=== Records for the task ===
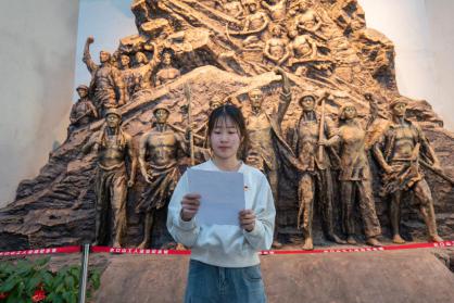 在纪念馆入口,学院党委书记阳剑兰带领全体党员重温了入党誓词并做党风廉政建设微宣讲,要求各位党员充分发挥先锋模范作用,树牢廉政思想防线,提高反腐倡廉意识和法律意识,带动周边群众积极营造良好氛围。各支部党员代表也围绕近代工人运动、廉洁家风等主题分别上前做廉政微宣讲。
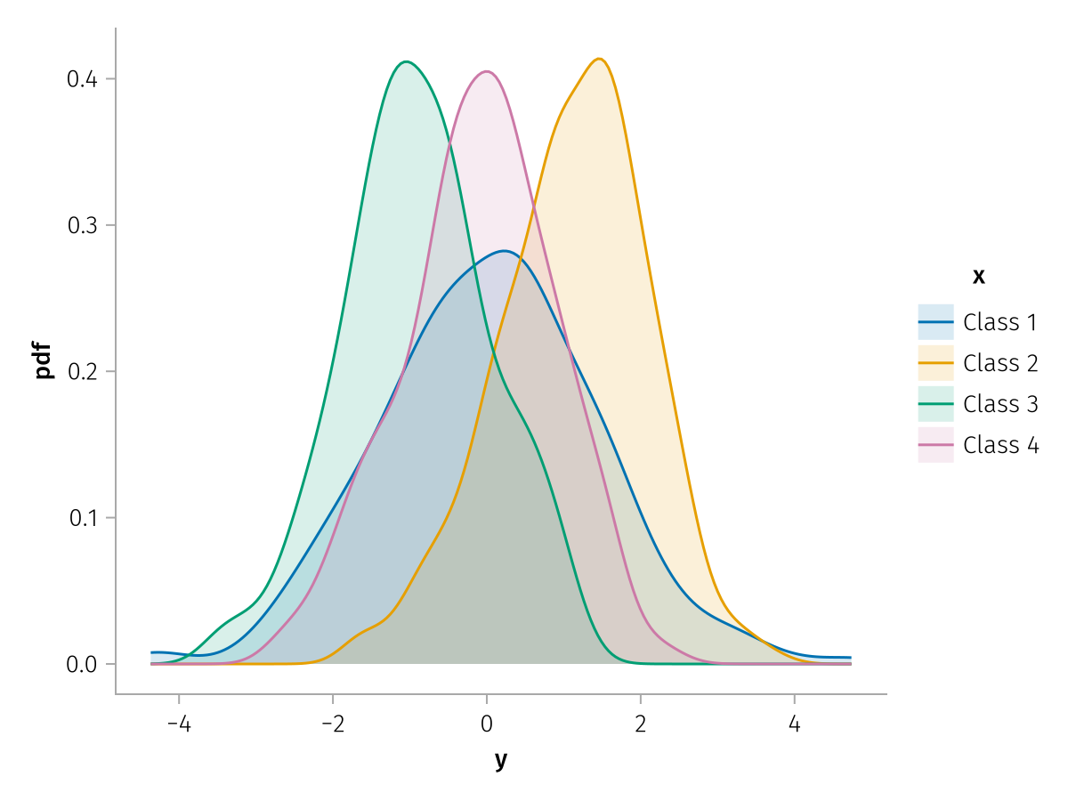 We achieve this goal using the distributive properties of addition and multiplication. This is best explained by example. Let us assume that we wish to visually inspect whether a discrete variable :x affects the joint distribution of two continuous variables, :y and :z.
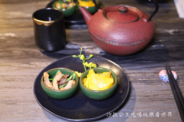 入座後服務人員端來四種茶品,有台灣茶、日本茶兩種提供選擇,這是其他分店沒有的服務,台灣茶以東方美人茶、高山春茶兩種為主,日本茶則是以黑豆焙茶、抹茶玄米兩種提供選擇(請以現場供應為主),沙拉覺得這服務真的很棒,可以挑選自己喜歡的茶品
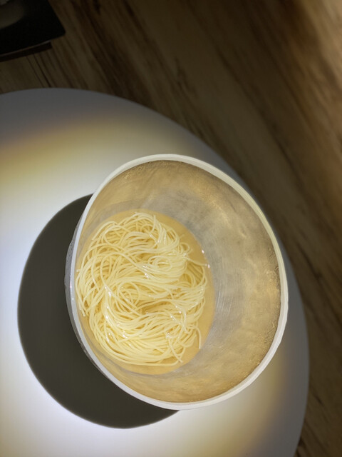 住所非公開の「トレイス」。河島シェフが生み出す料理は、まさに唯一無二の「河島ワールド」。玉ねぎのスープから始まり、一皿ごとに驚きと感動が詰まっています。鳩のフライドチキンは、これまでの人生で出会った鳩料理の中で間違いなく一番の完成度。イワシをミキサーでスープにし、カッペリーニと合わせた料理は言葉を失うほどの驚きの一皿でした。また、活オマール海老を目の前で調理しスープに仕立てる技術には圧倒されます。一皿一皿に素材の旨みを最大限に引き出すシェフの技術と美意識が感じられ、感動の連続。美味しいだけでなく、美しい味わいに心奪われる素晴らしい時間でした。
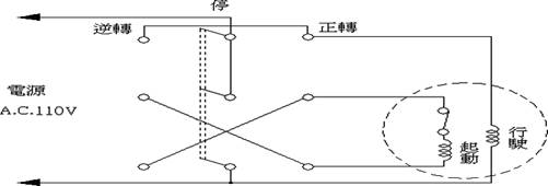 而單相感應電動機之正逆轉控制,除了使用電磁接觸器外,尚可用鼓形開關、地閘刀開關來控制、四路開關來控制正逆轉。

=== What to work on ===
Copy out exactly the lines between the line containing "住所非公開の「トレイス」。河" and the end of the entries, including both, and leave the pictures behind.

=== Answer to this exercise ===
 住所非公開の「トレイス」。河島シェフが生み出す料理は、まさに唯一無二の「河島ワールド」。玉ねぎのスープから始まり、一皿ごとに驚きと感動が詰まっています。鳩のフライドチキンは、これまでの人生で出会った鳩料理の中で間違いなく一番の完成度。イワシをミキサーでスープにし、カッペリーニと合わせた料理は言葉を失うほどの驚きの一皿でした。また、活オマール海老を目の前で調理しスープに仕立てる技術には圧倒されます。一皿一皿に素材の旨みを最大限に引き出すシェフの技術と美意識が感じられ、感動の連続。美味しいだけでなく、美しい味わいに心奪われる素晴らしい時間でした。
 而單相感應電動機之正逆轉控制,除了使用電磁接觸器外,尚可用鼓形開關、地閘刀開關來控制、四路開關來控制正逆轉。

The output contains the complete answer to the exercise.